# Y, ya puestos, me quedo a vivir...



## mh1

In einem Dialog zwischen einer Angestellten der Metro und einem Kunde sagt der Kunde zum Schluss:

¡Qué graciosa está usted! Y, ya puestos, me quedo a vivir en el metro...

Was bedeutet "ya puestos" hier, ist "puestos" der Plural des Substantives "puesto" (Posten, Platz, Stelle) oder der Plural des Partizips "puesto" von "poner"? Aber wenn es das Partizip ist, warum benutzt der einzelne Mann dann den Plural "puestos"?

Der Kontext des Dialoges ist (der Mann will zum Flughafen, aber die direkte Linie ist gesperrt, er erhält den Rat):
- Coja la línea tres hasta Moncloa. Allí haga trasbordo a la línea seis hasta Nuevos Ministerios. Desde ahí coja la ocho que va al aeropuerto. Tardará una hora.
- ¡Qué graciosa está usted! Y, ya puestos, me quedo a vivir en el metro...


----------



## ayuda?

- ¡Qué graciosa está usted! Y, ya puestos, me quedo a vivir en el metro...

Pues, que sepa yo, esto quiere decir que todavía/ya hay más paradas/estaciones de metro que le quedan por delante.

Das heißt, die U-Bahnfahrt ist bloß nur teilweise erledigt und er weiß, dass  wenigstens mehere U-Bahnhaltestellen immer noch vor ihm liegen. Der glaubt, der könnte dabei möglicherweise sein ganzes Leben im Meto verbringen.

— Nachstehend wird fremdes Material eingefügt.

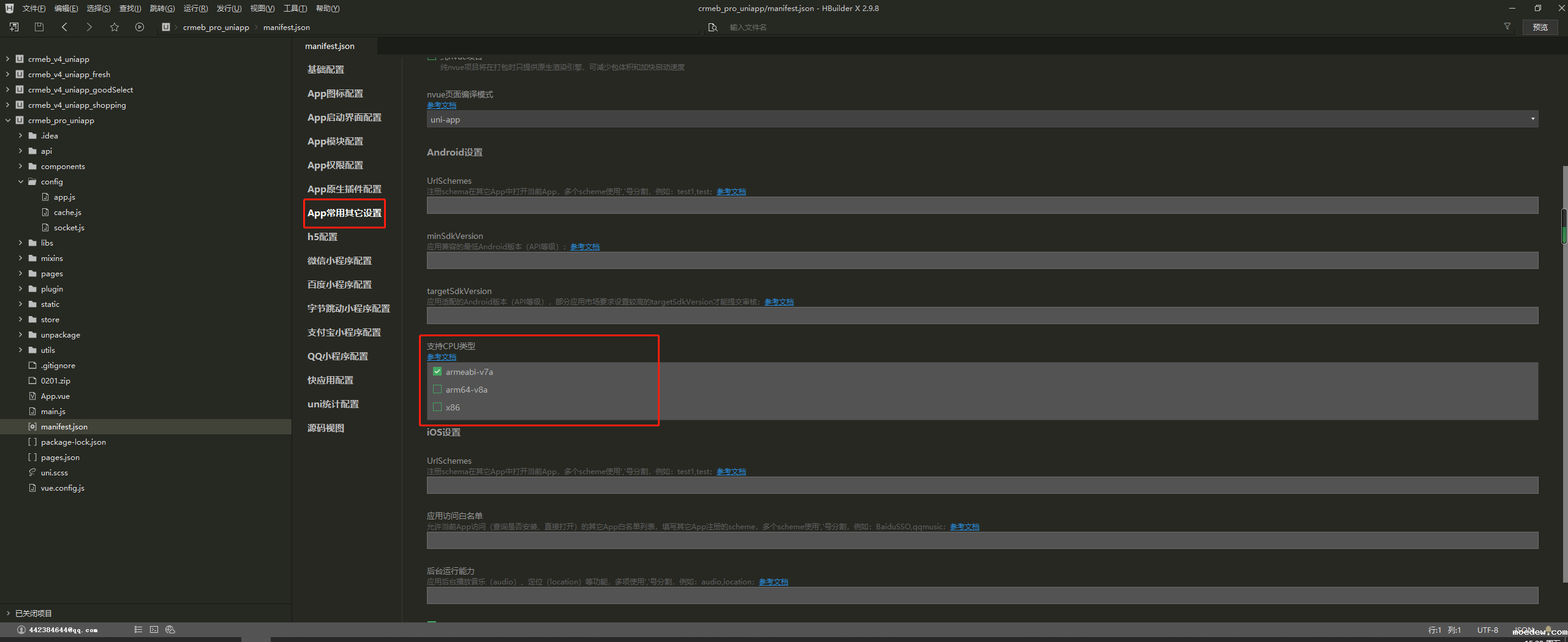 5.点击《App常用其他配置》,勾选《支持CPU类型》下的armeabi-v7a

Para mí, puesto es como decir lugar/Stelle.


----------



## osa_menor

_Ya puestos_ steht im Wörterbuch von WR, allerdings mit der englischen Übersetzung.
Als Synonym ist noch angegeben: "_ya que estamos_". In's Deutsche übertragen heißt es soviel wie "_wenn wir einmal dabei sind_" oder "_bei der Gelegenheit_".
Meiner Meinung nach handelt es sich um das Partizip von _poner_.


----------



## Tonerl

Ich möchte Osas Beitrag ergänzen und mit zwei Beispielen dokumentieren:

*wenn man schon dabei ist*
*wenn wir schon dabei sind*
*da wir schon dabei sind *
ya puestos...
*wo wir gerade so schön beim Thema sind..*.
y ya puestos con el tema... 


*Hier noch etwas, was ich gefunden habe:*
Die Rücknahme gefährlicher Produkte*, *die bereits in den Handel gebracht wurden
la retirada de productos peligrosos *ya puestos* *en* el mercado 

Erfahrungsaustausch über bereits in die Praxis umgesetzte Projekte 
experiencia adquirida a través de los proyectos turísticos *ya puestos* *en* práctica 

Vielleicht hilft das ein wenig auf die Sprünge !?


----------



## mh1

Danke für die Antworten, insbesondere natürlich an Osa für das Auffinden einer Übersetzung des Ausdruckes "ya puestos", denn leider bietet weder Pons noch Leo noch Langenscheidt dafür eine Übersetzung im Spanisch-Deutsch-Wörterbuch.


----------



## kunvla

mh1 said:


> Danke für die Antworten, insbesondere natürlich an Osa für das Auffinden einer Übersetzung des Ausdruckes "ya puestos", denn leider bietet weder Pons noch Leo noch Langenscheidt dafür eine Übersetzung im Spanisch-Deutsch-Wörterbuch.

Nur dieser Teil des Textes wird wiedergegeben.